Deck Go, meanwhile, built the Gokongwei Group’s real estate conglomerate, virtually from scratch, into a sprawling P76 billion in market cap (peak of P82 billion in March). First quarter revenues rose 19 percent to P11 billion, profits up 21 percent to P3.34 billion and EBITDA (earnings before interest, tax and depreciation) swelled 53 percent to an all-time high of P6.15 billion.

The Marcos II administration thus knows both the politics and economics of growth, particularly growth with equity or inclusion. Growth must trickle down to the 25 million Filipinos too poor to afford their three meals a day, instead of empowering some more the 100 families who have ruled this country in the last 100 years.

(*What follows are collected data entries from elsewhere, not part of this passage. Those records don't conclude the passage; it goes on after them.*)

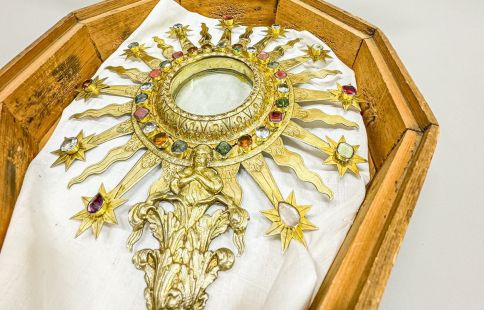L’ostensori fet per realçar la Sagrada Forma fou fabricada, en el cas de la d’Encamp, per adaptar-se al peu de la veracreu. Un estoig de fusta, pentagonal, amb un gravat al foc de l’escut d’Encamp i la inscripció ‘Sea obra per Encamp any 1755’ dona la cronologia de la peça. Sobre la peça que es lluirà diumenge durant la processó del Corpus Christi hi ha força docimentació. Per això es pot suposar, es té clar, vaja, que l’element de plata daurada el deuria fer l’argenter de Puigcerdà Francisco Reynes. No va ser l’única peça ‘encampadana’ que va treballar en or i plata.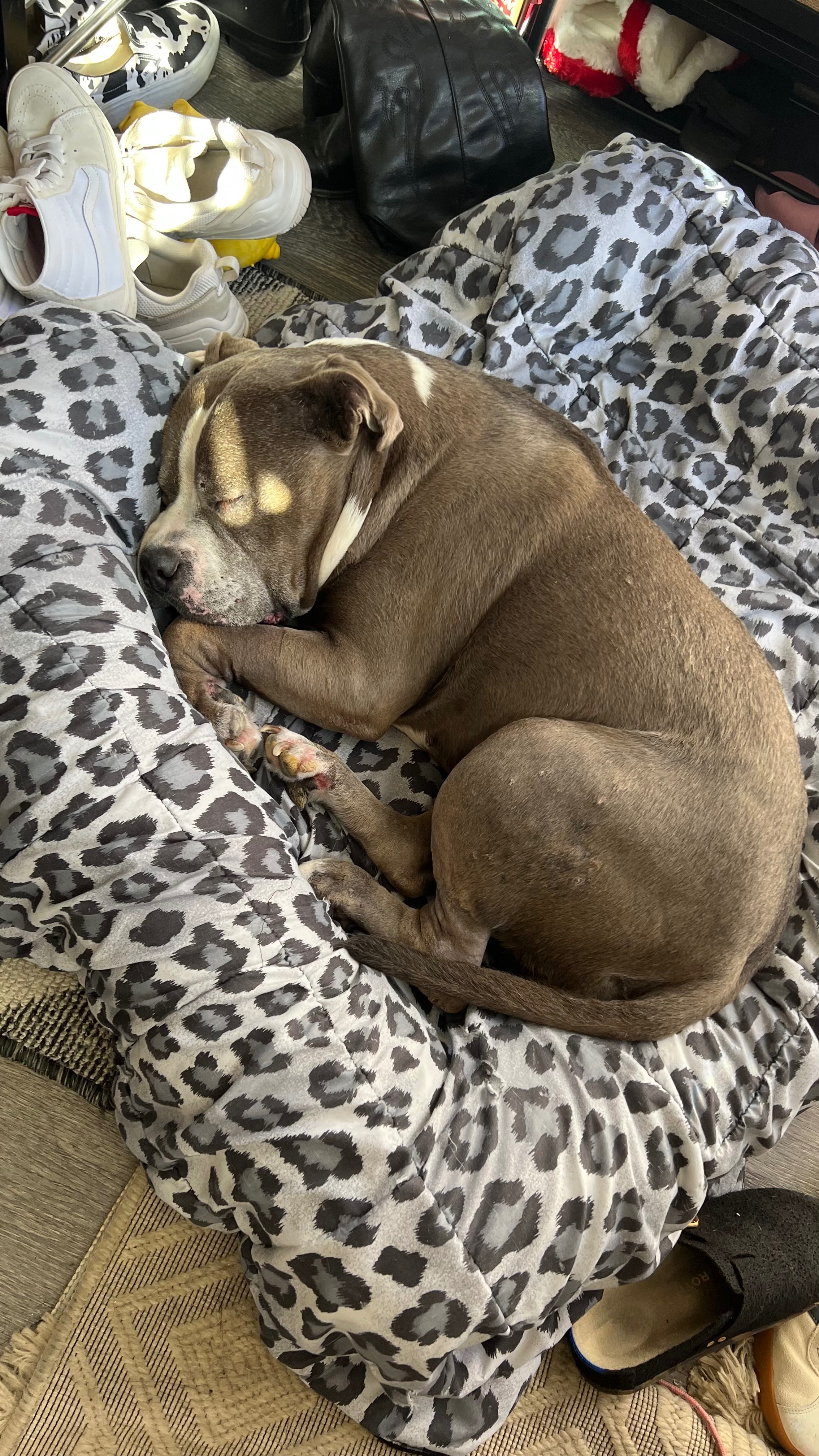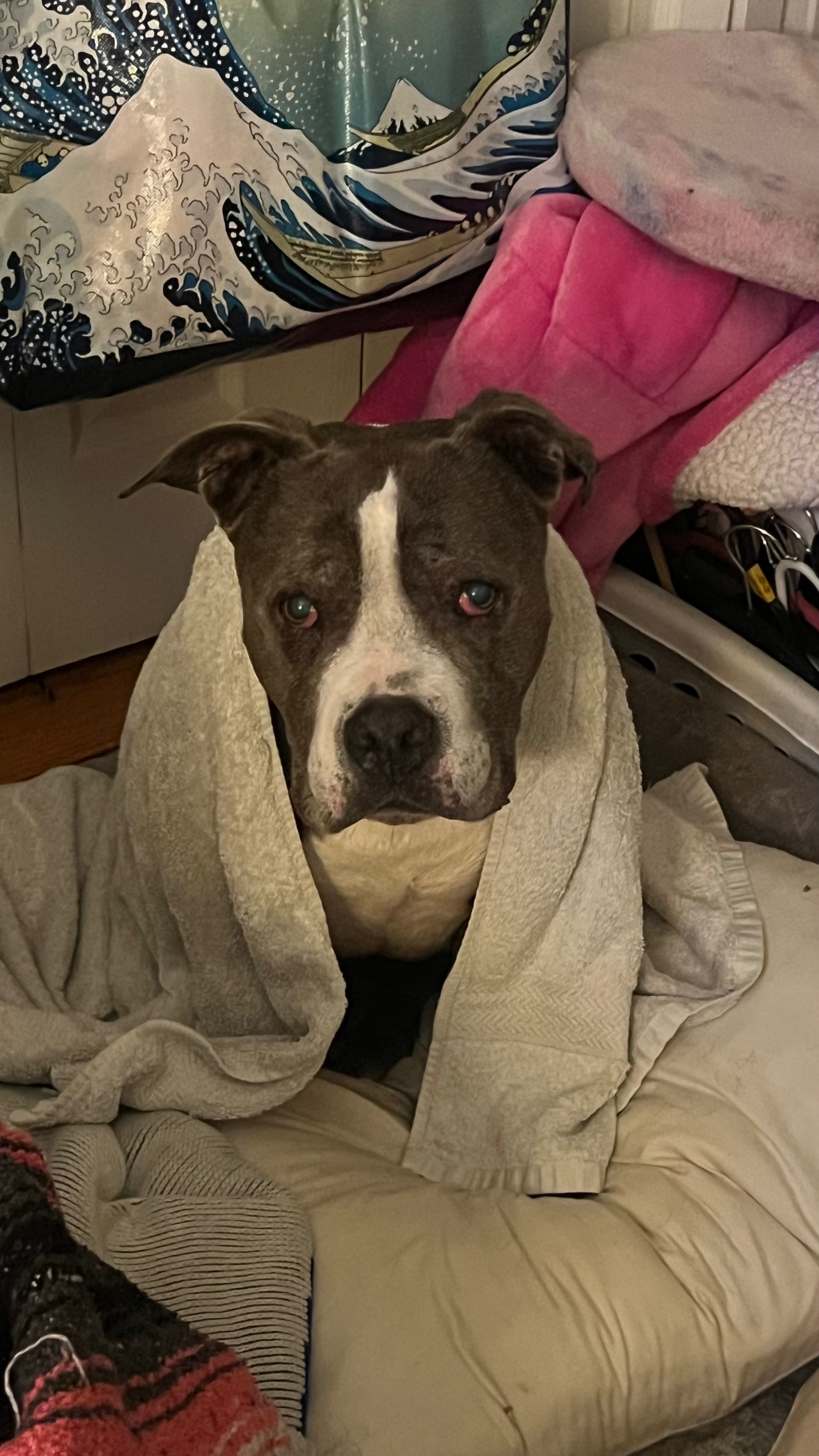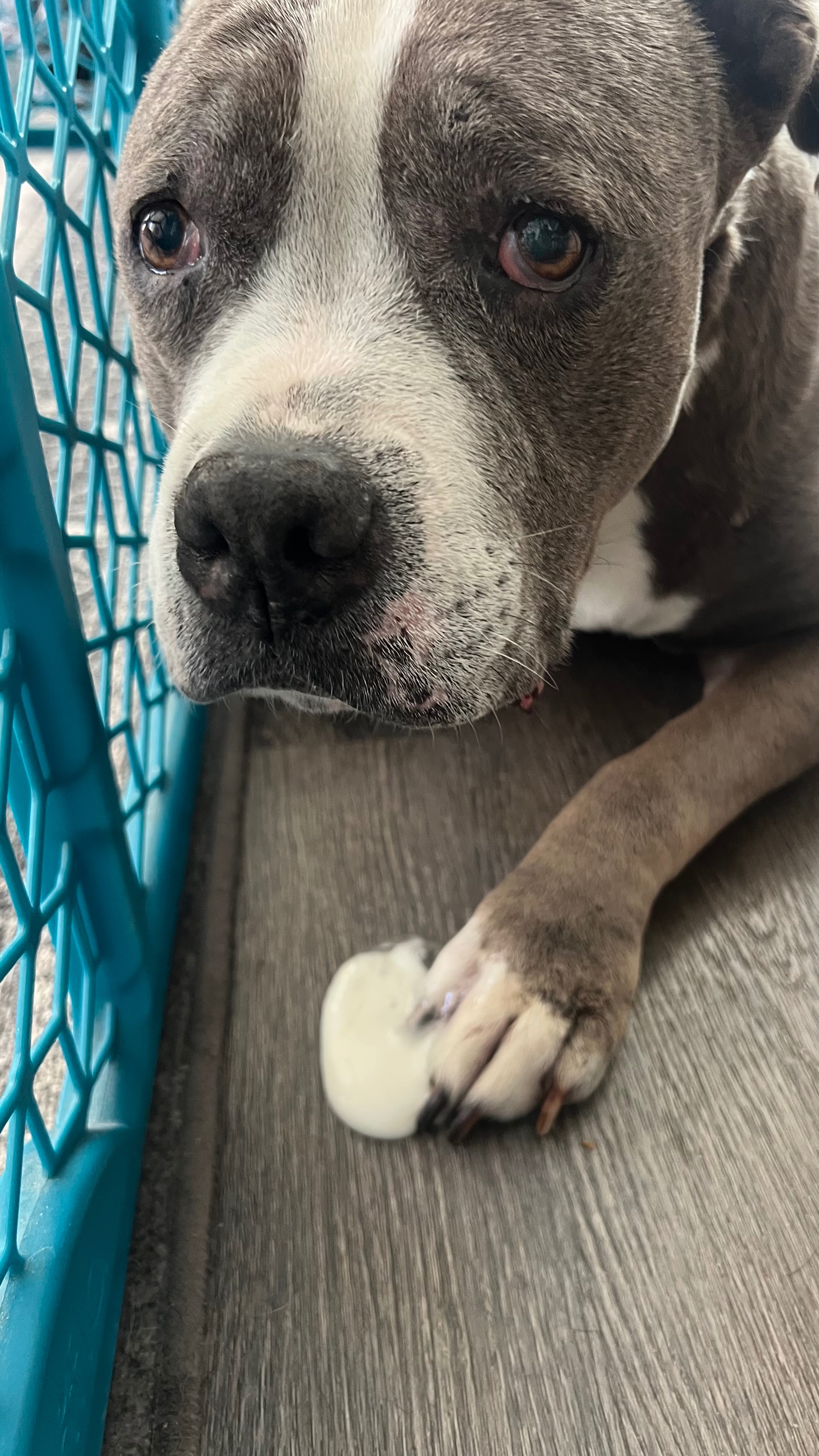 I’m writing on behalf of my dear friend, who is going through one of the hardest moments of her life. Her beloved senior pit bull, Miley, was rushed to the hospital with severe pneumonia and serious complications.
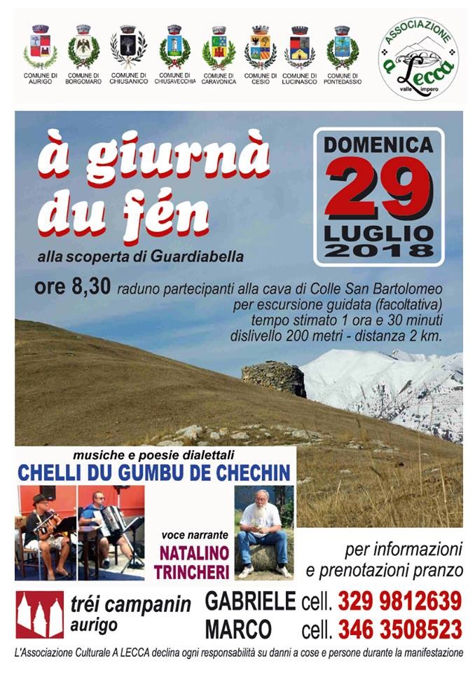 Aurigo. L’ Associazione culturale”A Lecca”, che promuove la valorizzazione di storia, cultura e tradizione della valle impero, in collaborazione con l’ associazione Trei Campanin di Aurigo organizza nella giornata di domenica 29 luglio “A giurna’ du fen” alla scoperta di Guardiabella.

Recto promises a single digit poverty incidence by the end of BBM’s presidency on June 30, 2028, what he calls “the turning point when the Philippines achieves genuine inclusive growth for Filipinos.”

“The Philippines is ASEAN’s brightest star,” gushes Ralph, with economic growth rising 6.2 percent since BBM became president.

This year, GDP growth will be between 5.8 and 6.3 percent, rising to 5.9-6.5 percent in 2025. Already, GDP or the value of economic production is $435.68 billion today. Recto says that will rise to $1 trillion – 1,000 billion dollars – in 2023, thanks to reforms the BBM government is now undertaking.

For his part, Deck Go will be the guest of honor and speaker of the Manila Overseas Press Club at 6 p.m. on June 25, Tuesday, at the Fairmont Hotel ballroom, with prominent personalities in government, business and media in attendance.

Secretary Deck is expected to update his audience on the investment outlook and today’s business climate.